= Aspirational age =

In advertising and marketing, aspirational age is an ideal age whose characteristics consumers aspire to embody. Thus, marketing messages aimed at that target age will resonate with consumers of other ages.

The aspirational age in Western society is the cusp between childhood and adulthood. In theory, consumers younger than this age aspire to the maturity and freedom it signifies, while those older than it seek to recapture the youthfulness and freedom from responsibility of this age. Thus, products pitched at notional young adults will appeal to a broader target market.

== Ideology ==
The aspirational age can be identified as the age of which consumers associate positive experiences with, such as freedom. For example, most adults are preoccupied with day-to-day responsibilities which can be viewed as stressful. Marketing to the aspirational age therefore, allows businesses to attract a generation of nostalgic consumers. The aspirational age as a tool is thus essentially modelled on the notion of nostalgia. From the adult's perspective, the psychology behind the 'aspirational age' can be defined as a recapture of youthful days. 'High-speed modern living, stress and the impact of recession' have all been considered as factors which influence a consumer's longing of their 'aspirational age'.

== Evidence ==
The aspirational age relies on a youth-obsessed culture, which is particularly associated with the Western World, specifically America. Crux Research states that the aspirational age in the form of adverts targeted to kids, essentially works as 'adults aspire backwards'. Thus utilising this emotional link allows marketers, if effective, to target a wider audience.

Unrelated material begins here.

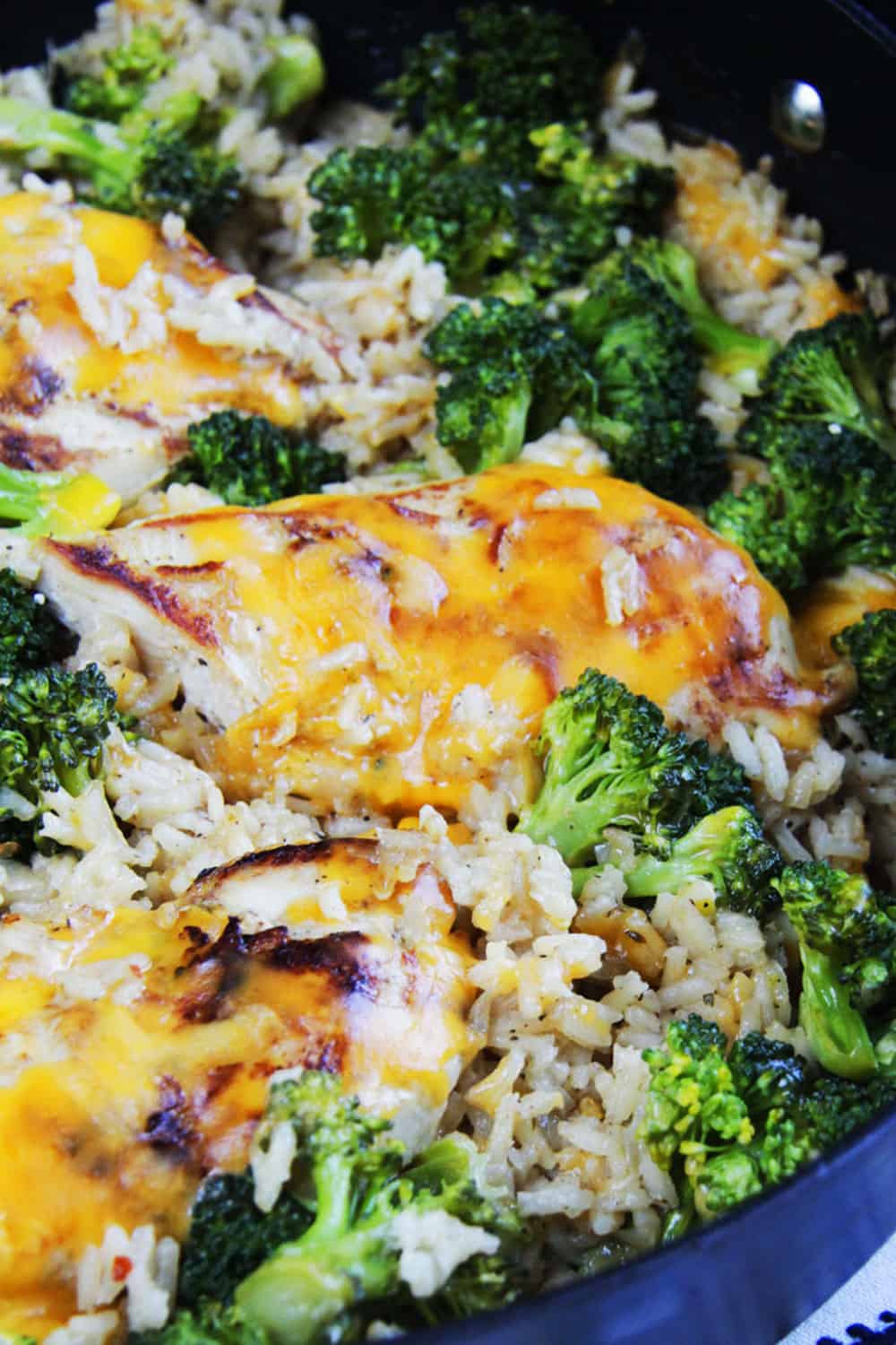 - After 12 minutes, stir the rice then add the chicken, nestling it into the rice. Add the broccoli on top. Recover the pot and cook on low for 10-15 minutes longer, or until rice and chicken are done and broccoli is crisp-tender, taking care skillet isn’t cooking too hot or else it will burn on the bottom. Once rice and chicken are done, sprinkle with cheese. Recover until cheese melts. Serve!

A study of 'Age Related Vicarious Nostalgia and Aesthetic Consumption' from the University of Wolverhampton concluded age as a phenomenon which is not 'totally bound to chronological time constraints'. In this sense, nostalgia 'has a bearing on the cognitive age of the individual', making it useful for businesses to market towards the aspiration age, in an attempt to trigger a pleasant cognitive response. The Harvard Business Review article on a study conducted by the Grenoble School of Management, states that 'nostalgic feelings increased people's willingness to pay for desired objects'. The article concludes that the psychology behind the aspirational age is 'useful to brands looking to elicit feelings of nostalgia in their promotions' . The article uses Subaru's 2012 'First Car Story' as an example, although the car does not target 16-year-olds, the campaign allows adults to create their own first car story through animation. The desired result, as the study suggests, is that when consumers think nostalgically, they spend more money.

== Examples ==
Examples of real-life businesses who appear to market towards the aspirational age include Urban Outfitters and Pepsi. An article by The Business Journals identifies how using technology, businesses market their products to the aspirational age. The aspirational age then becomes a tool for product development alongside marketing. The article cites Urban Outfitters' nostalgic marketing of introducing old famous brands i.e. Lisa Frank, Nickelodeon's '90 Are All That' time slots and Pepsi's 'Pepsi Throwback' as example of businesses which market towards the aspirational age. Thus the aspirational age as a tool, targets the particular age whilst simultaneously allowing the older generation to reflect on products or services they once loved.

== Differences ==

=== Generational differences ===
Differences between generations would however mean that marketing to the 'aspirational age' today might not necessarily attract older consumers, as their experiences of being younger would differ greatly. Social changes and technological advancements would have influenced different experiences thus different aspirations.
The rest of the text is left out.